母乳育児のプロバイオティクスは1年間腸内で有効か?アメリカ・研究
赤ちゃんの腸内環境を良くするには、母乳育児が良いと言われています。
これまでの研究では、母乳による赤ちゃんのプロバイオティクスは、1ヶ月有効と確認されていましたが……。
アメリカの最新研究によると、なんと1年間もプロバイオティクスの環境が維持するそうです!
詳細を見てみましょう。
母乳育児は赤ちゃんのプロバイオティクスに!
アメリカのカリフォルニア大学の研究により、冒頭のようなことがわかってきました。
赤ちゃんの腸内には、「B.infantis」という腸内細菌があります。
この腸内細菌が、母乳に含まれるオリゴ糖の消化を助けるのに、有効的な働きをすると言われています。
先進国の赤ちゃんの腸内細菌が悪くなっている?
この「B.infantis」という細菌は、以前は母乳哺育で育った乳児の腸内ではよく見られました。
しかし、最近では先進国の乳児には、あまり見られなくなったそうです。
「B.infantis」の劇的な現象は、抗生物質の使用の増加や、粉ミルクの利用の増加、帝王切開での出産が原因に上がっています。
赤ちゃんの腸内で「B.infantis」が不足すると?
こうした状況をふまえ、研究者たちは、
「B.infantis」という腸内細菌は、乳児の腸の「門番」のような働きをしています。
「B.infantis」は、腸内でオリゴ糖を食べて、腸内環境を良くしてくれています。
これが不足すると、潜在的な病原体には望ましくない環境を作ることになるので、何らかの病気に罹りやすい子どもになる可能性も出てきます。
と指摘しています。
「B.infantis」の不足は、何らかのアレルギー、喘息、自己免疫疾患などの炎症性疾患を引き起こしやすいようです。
逆に「B.infantis」が腸内に定着していると、腸の炎症が減少することも確認されています。
母乳哺育による「B.infantis」の定着
以前の研究では、母乳を与えられた赤ちゃんは、生後7日から28日までに「B.infantis」が与えられたことになるので、生後30日までは「B.infantis」が持続的にコロニーを形成することがわかっていました。
今回の追跡調査では、生後4ヶ月、半年、8ヶ月、10ヶ月、1年間とそれぞれの期間で乳児からの糞便サンプルを採取しました。

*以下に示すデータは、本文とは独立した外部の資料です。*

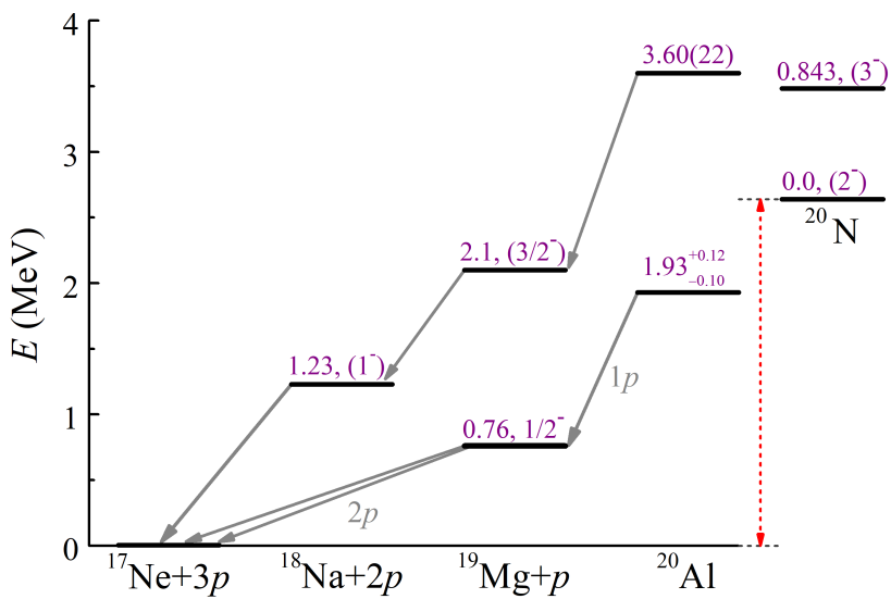 進一步的研究表明,鋁-20基態(tài)通過級聯(lián)的質子—雙質子發(fā)射的兩步過程進行衰變。作為中間態(tài)的鎂-19基態(tài)具有雙質子放射性,它通過同時發(fā)射兩個質子衰變?yōu)槟?/span>-17。鋁-20是實驗上發(fā)現(xiàn)的首例具有“子核”雙質子放射性的三質子發(fā)射核。

「B.infantis」という腸内細菌は非常に短命ということが知られていたので、生後数か月で、この細菌はなくなるものと考えられていました。
しかし、母乳育児を1年間続けることで、「B.infantis」は腸内に生き続けることができるのを確認できたそうです。

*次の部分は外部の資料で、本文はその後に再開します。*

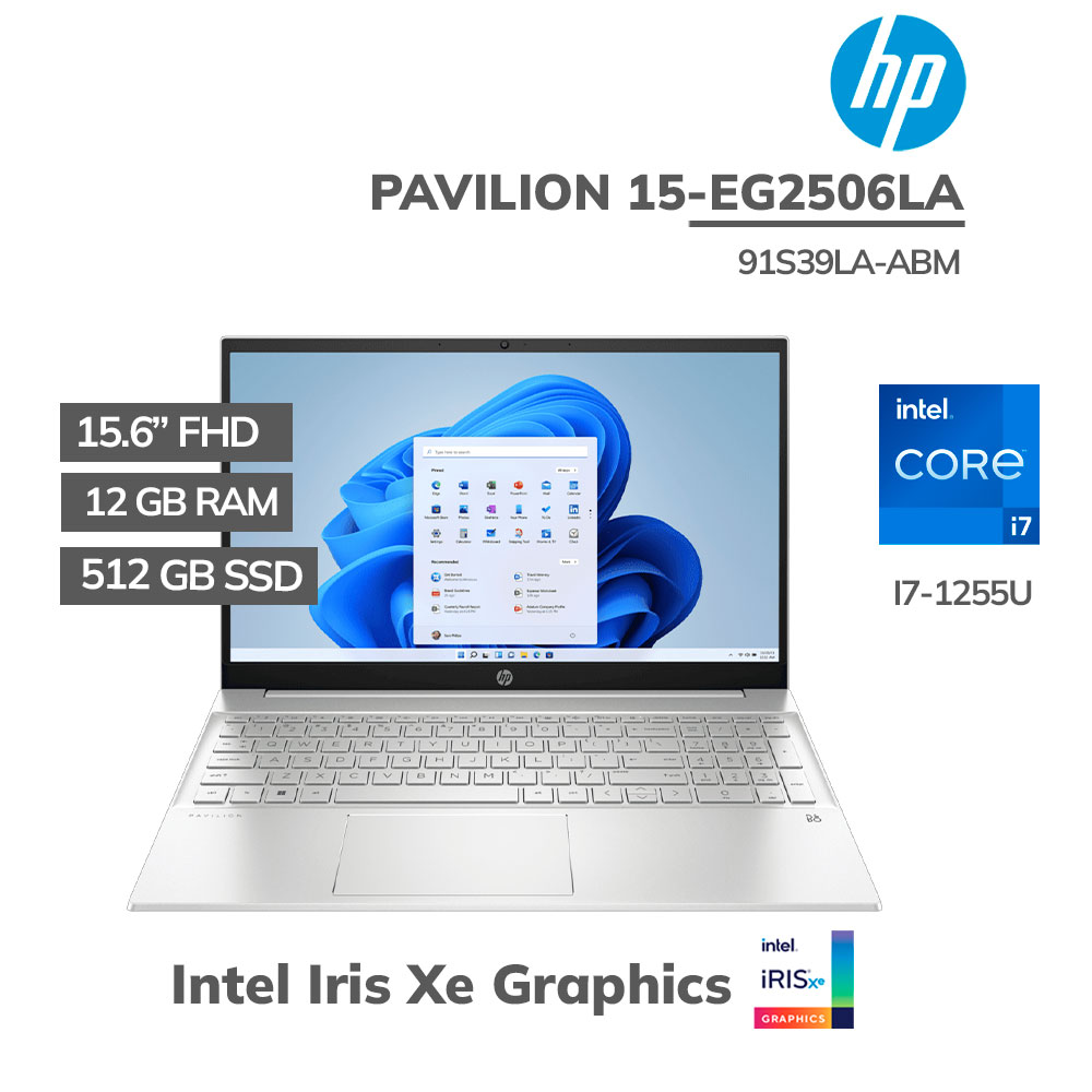 LAPTOP HP PAVILION 15-EG2506LA CORE I7-1255U 12GB 512GB SSD 15.6″ FHD WINDOWS 11 (91S39LA-ABM)

生後1年の間に、離乳食が始まり、固形物を食べれるようになったとしても、母乳を与え続けていれば、「B.infantis」は赤ちゃんの腸内で定着し、子ども特有の病原体から、赤ちゃんを守ってくれることもわかったのです。
※参考:『小児科学研究』
さいごに
母乳育児は母子ともに、健康にしてくれるので、世界中で推奨されていますね。
この研究で、また一つ、母乳育児の必要性がわかりましたね。